GrandPad
- Company type: Private
- Industry: Technology
- Founded: 2014
- Founders: Scott Lien (CEO) Isaac Lien
- Headquarters: Minneapolis, Minnesota, California, United States
- Areas served: United States; Europe;
- Products: Tablet computer for the elderly
- Website: www.grandpad.net

= GrandPad =

American technology company

GrandPad is an American technology company based in Minneapolis, Minnesota. that produces a touch-screen tablet computer intended to be used by senior citizens. The device's interface is designed to be more user-friendly than traditional mobile tablets. It allows users to engage in video chats, view pictures, check news, and send messages (among other features).

==History==
GrandPad was founded in 2014 by Scott Lien, a former Intuit executive, and his son, Isaac Lien. The elder Lien serves as the company's CEO. It is headquartered in Minneapolis, Minnesota where many of the technological aspects of the business are housed. The first GrandPad tablet was launched in January 2015.

In March 2016, GrandPad entered into a strategic partnership with technology and hardware company, Acer, which saw the latter company make an equity investment in GrandPad. Later that year, GrandPad partnered with Comfort Keepers (a firm offering in-home care to seniors) to provide their tablets to seniors in the Comfort Keepers network. In 2017, an updated version of the tablet was released with input from Acer. Also that year, the company collaborated with Lyft to integrate the ride-hailing service's app into the GrandPad interface.

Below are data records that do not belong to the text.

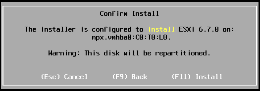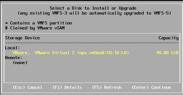Connect into your ESXi vm and we'll walk through the install process. This installation is straight forward, first off you'll select the storage device that you'd like to install ESXi on. Select the 40GB disk we created during the vm configuration.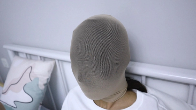 【趾间艺束】叶子丝袜蒙头蒙脸M形开腿秀美足 丝袜包头 一个新的尝试!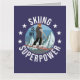 Funny winter ski sports illustration, showing mountain graphics and a woman on skis, and the saying: skiing is my superpower and little stars. This is the perfect gift for everyone, who loves skiing, mountains, and winter sports.

In May 2018, it was announced that senior citizen-focused wireless network company, Consumer Cellular, invested in GrandPad. Consumer Cellular also announced that it would become a distributor of the GrandPad tablet in the United States. In March 2019, GrandPad opened its first European office in Gorey, Ireland, which was established to support its European operations. The company also began selling its tablet through Amazon and Walgreens in 2022.

==Product==
The tablet is 8-inches and weighs 12.5-ounces. It has a Qualcomm Snapdragon 625 processor with 2GB of RAM and uses the Android operating system but with a specialized interface. It comes with a Qi wireless charging dock and has 4G LTE internet access is built in. Contacts and photo albums are managed remotely, typically by a relative. Only approved users can send e-mail messages or video chat requests through a companion GrandPad app on their phones. Games, articles, and music are tailored to the interests of the tablet user. No Wi-Fi, home phone lines, or passwords are required. The technology is supported by a network of customer service agents who are on-call 24/7. Other features include games, an encyclopedia, news articles, weather reports, a flashlight, a magnifying glass, music, and Zoom integration. Its tablet and companion app also have language capabilities in 40 languages.